Peter Mertens. Nothing comes by itself. The future will see harsh struggles. There are two movements. One potential movement from below. We have seen it in every city, all over the planet. People helping their neighbours with their grocery shopping. Young people helping in the organization of summer camps for youth who would otherwise be stuck at home. When the crisis was at its peak, we saw a lot of local solidarity. This is a movement from which we could draw a lot more lessons.
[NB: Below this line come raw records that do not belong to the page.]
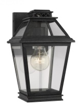 Falmouth by Chapman and Myers outdoor lighting design mimics a vintage gas lantern, with a classic, tapered box shape. The clean lines of the elegant frame have an uncluttered silhouette that showcases the beautiful panels of clear glass.
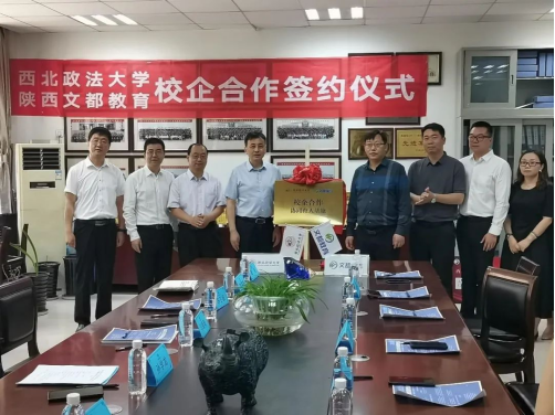 2022年6月2日上午10:00,西北政法大学与文都集团校企合作协同育人基地签约暨揭牌仪式在曼联直播 资料室举行。西北政法大学副校长马朝琦出席签约仪式并致辞。文都教育集团董事、总校长王选民,曼联直播 班子全体成员以及校企双方代表20余人参加了签约仪式。
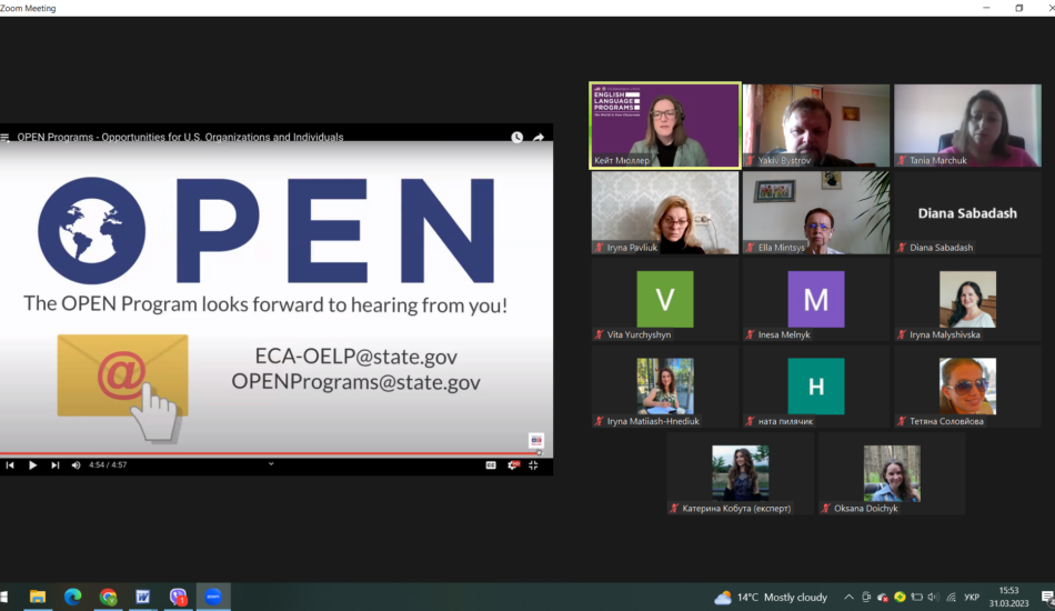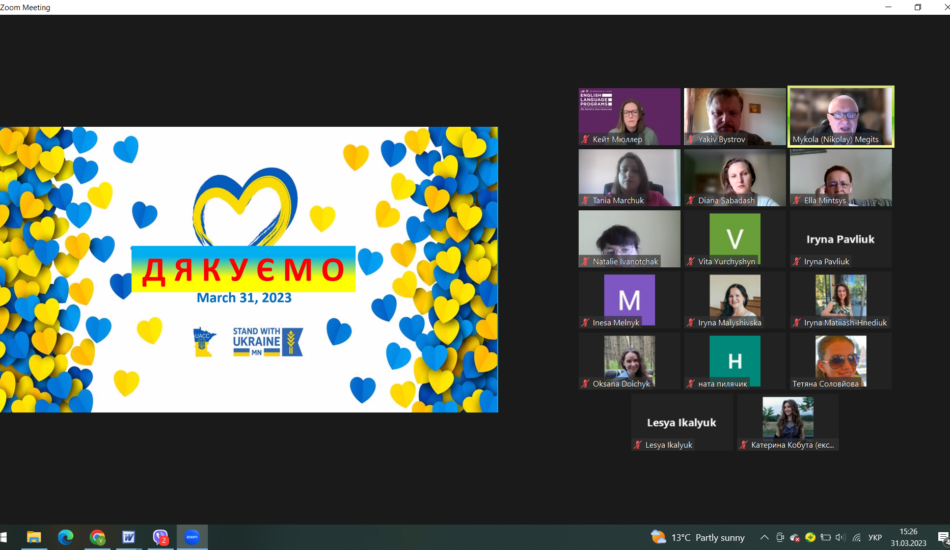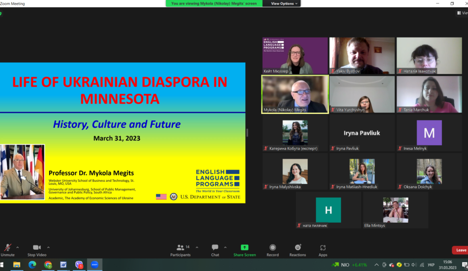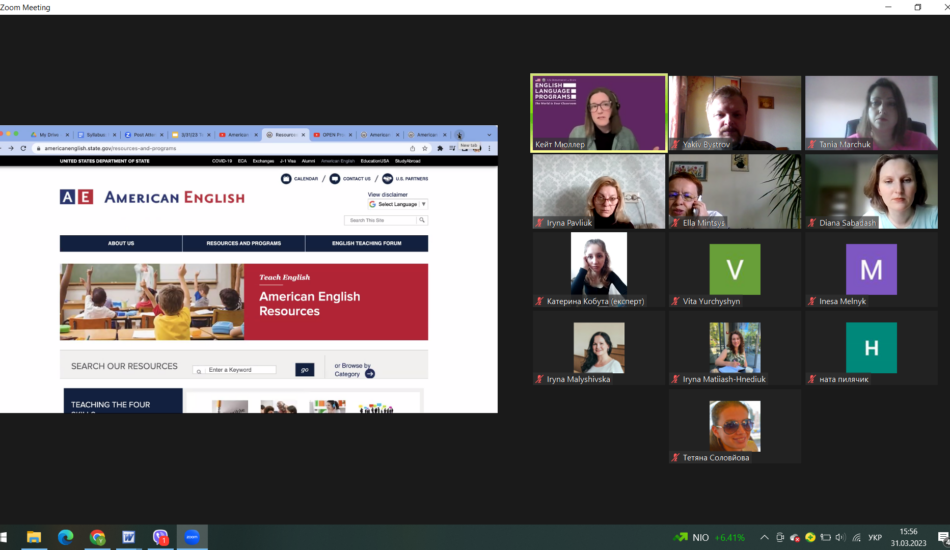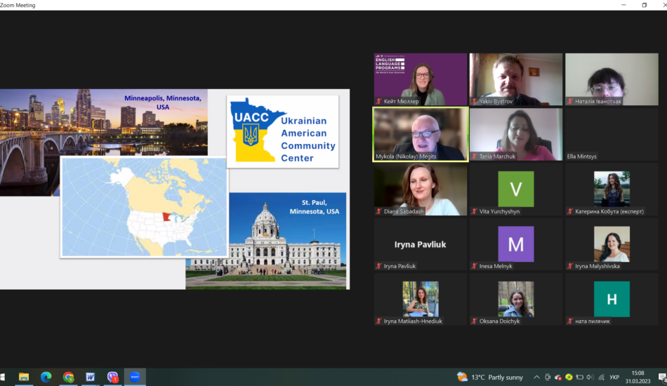 31 березня 2023 року в рамках імплементації програми Virtual English Language Educator, яка реалізується кафедрою англійської філології спільно з Регіональним офісом з вивчення англійської мови при Посольстві США в Україні (Regional English Language Office, US Embassy) викладачі кафедри англійської філології мали змогу познайомитися з представниками української діаспори в
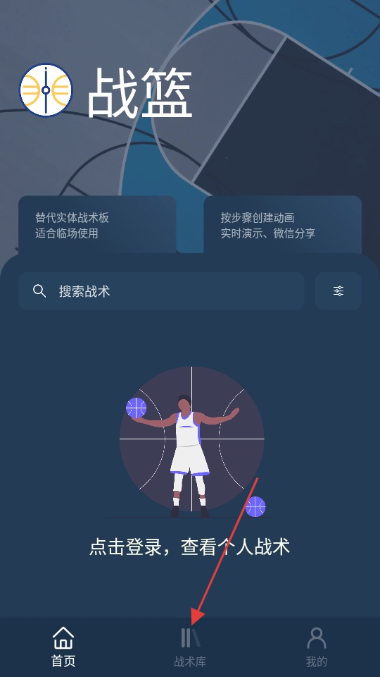 点击界面底部的【战术库】选项,即可进入战术库页面。
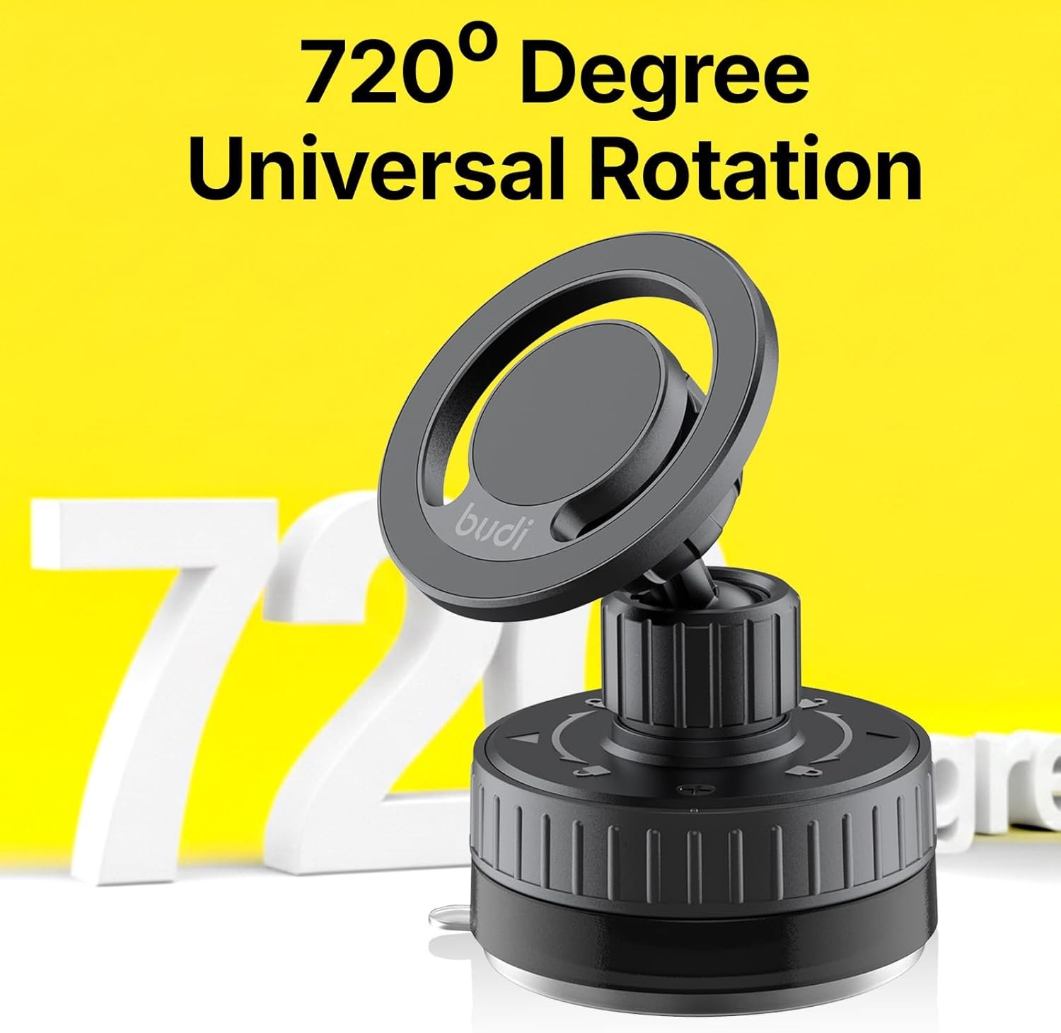 - 720° ROTATABLE DESIGN: Enjoy flexible viewing with the 720° rotating car phone mount. Adjust your mobile phone holder for car to any angle for navigation, calls, or music without blocking your view.
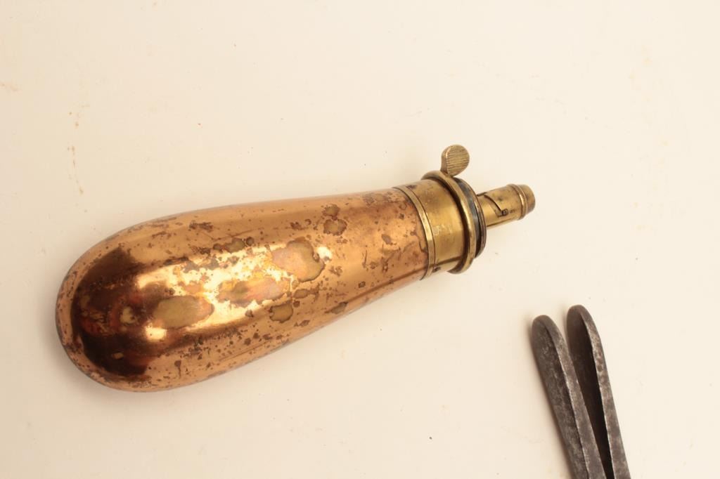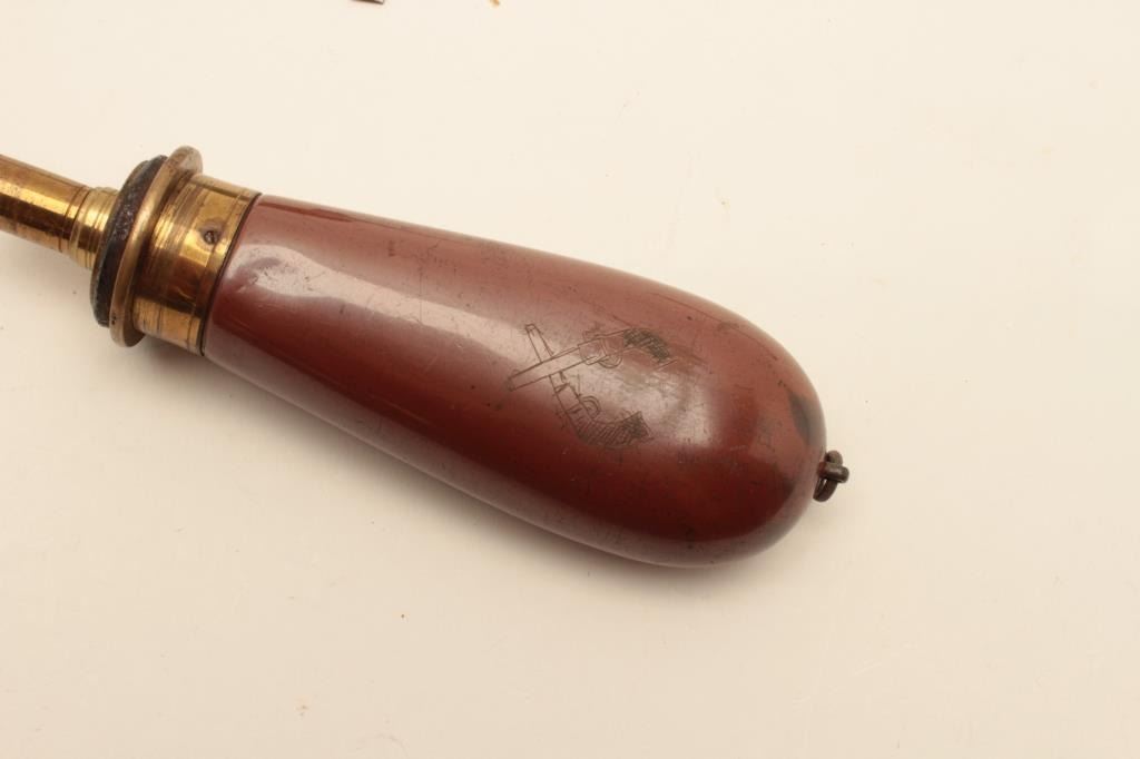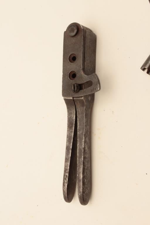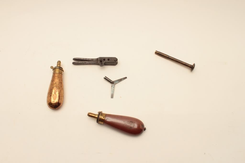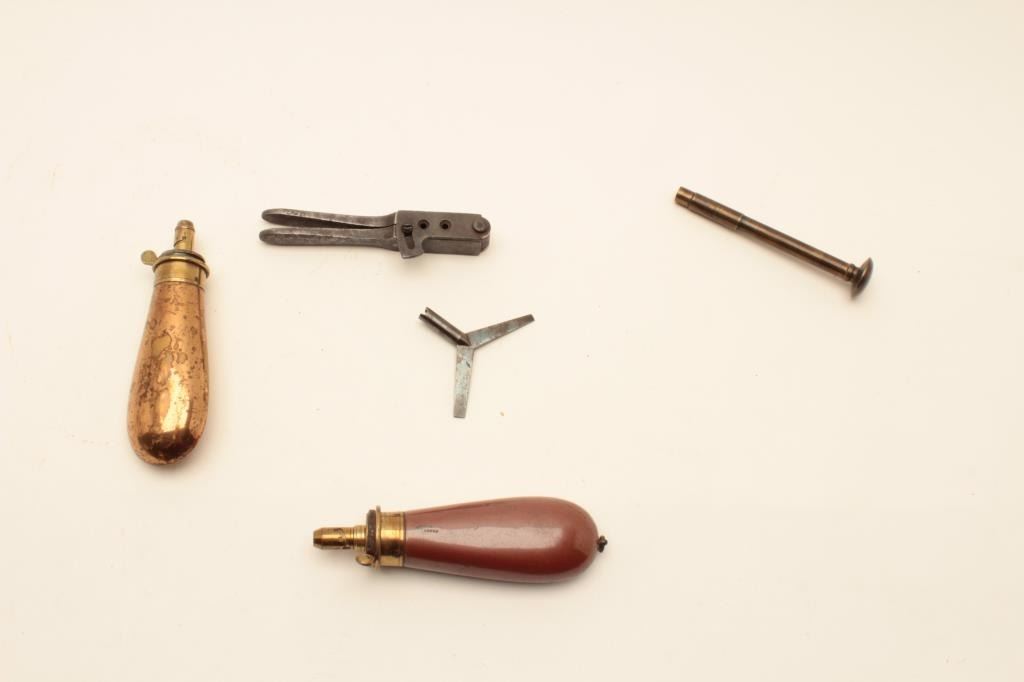 18AL-75 MISC. LOTPercussion accessories lot including an English Sykes brass bag mold, a Dixon brass bag mold, a brass loading tool, an iron Colt’s Patent bullet mold and a non-Colt nipple wrench/screwdriver. Est.:$300-$600.Percussion accessories lot including an English Sykes brass bag mold, a Dixon brass bag mold, a brass loading tool, an iron Colt’s Patent bullet mold and a non-Colt nipple wrench/screwdriver. Est.:$300-$600.
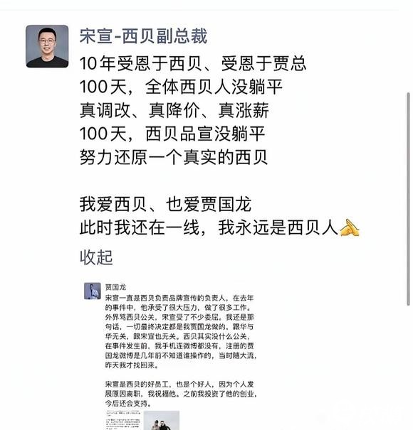 你可以努力工作,也可以给摸鱼,但你一定得要跟对人。 宋宣他说自己10年受恩于西贝和贾国龙,过去100天里西贝团队没躺平。 做了真调改、真降价、真涨薪的动作。品宣也在努力还原真实的西贝。 还直言“此时我还在一线...
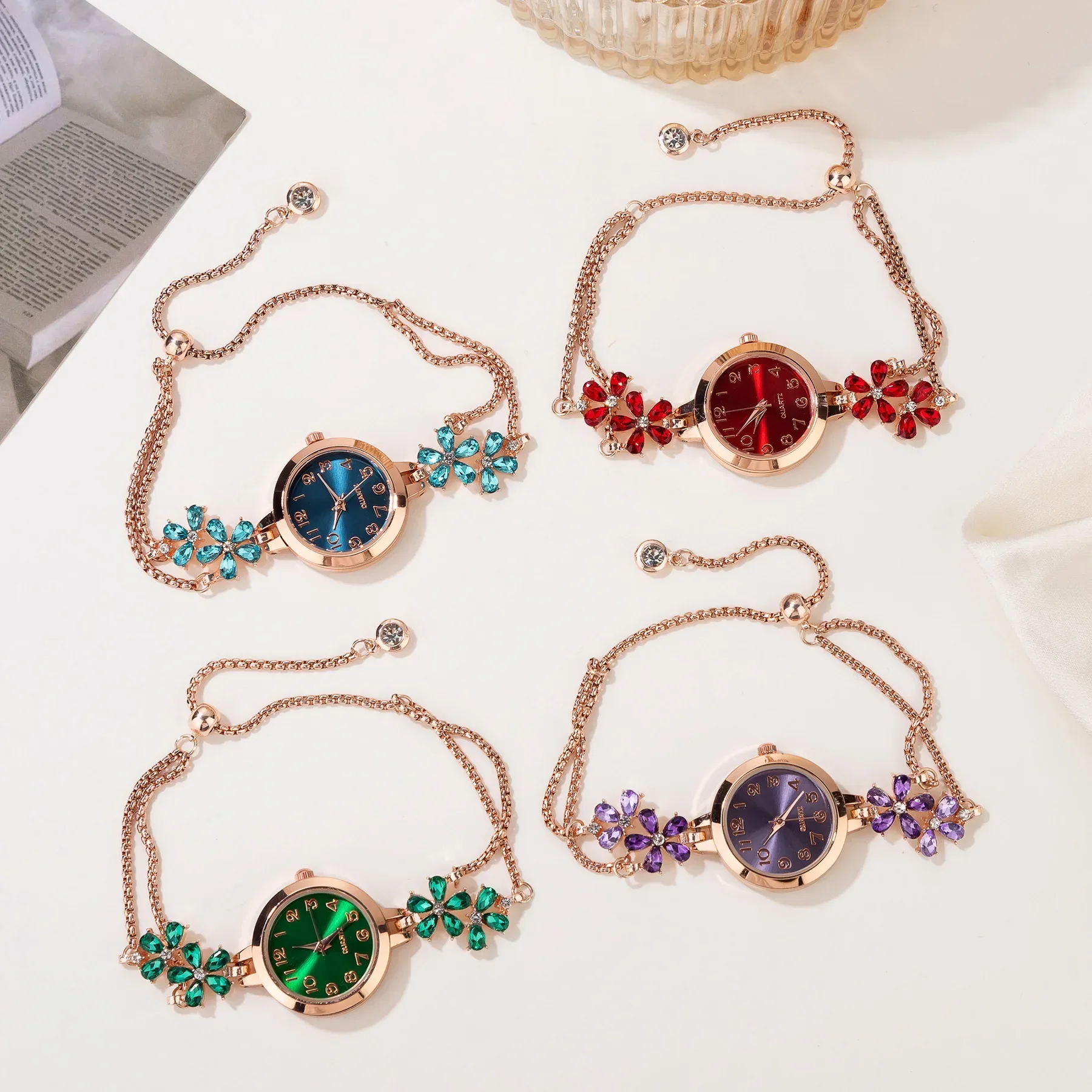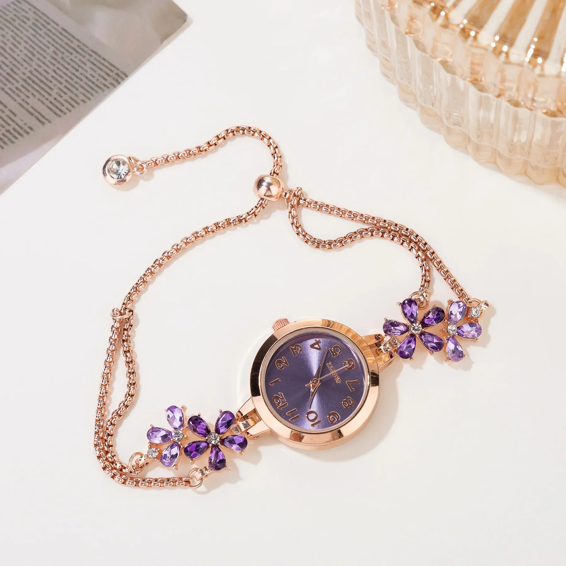 Reloj Mujer Women Watch Fashion Light Luxury Bracelet Quartz Watches for Women Exquisite Violet Crystal Ladies Watches Gifts

But this is not enough. Vision is needed as well. It is estimated that a total of 4 000 billion euro is being invested worldwide to boost the economy. This speaks volumes about the superiority of the self-regulated market: We must all collectively remit 4 000 billion euro to it every ten years. This raises the obvious question of whether we are going to give all that money back to big business, to the oil giants that are destroying our planet, to the technology giants that devour our privacy; or whether we are going to use this money to bring about real change in the sectors of transport, energy, digital technology and healthcare?
A public vision on energy, transport, the digital revolution and health in the broadest sense, these are the four pillars of our Prometheus Plan. A plan to put public initiative back at the centre of the debate while at the same time tackling the economic and ecological crisis. It is inspired by the Green New Deal proposed by rebellious US Congresswoman Alexandria Ocasio-Cortez.
I think both these movements should meet: the movement that organises solidarity from below and places workers at the centre, as organisers of society and solidarity; and the movement that offers a perspective around an ambitious public initiative. This is neither a Belgian nor a European debate. It is a debate that will take place everywhere in the coming months, and it is in this spirit that new seeds of socialism can germinate.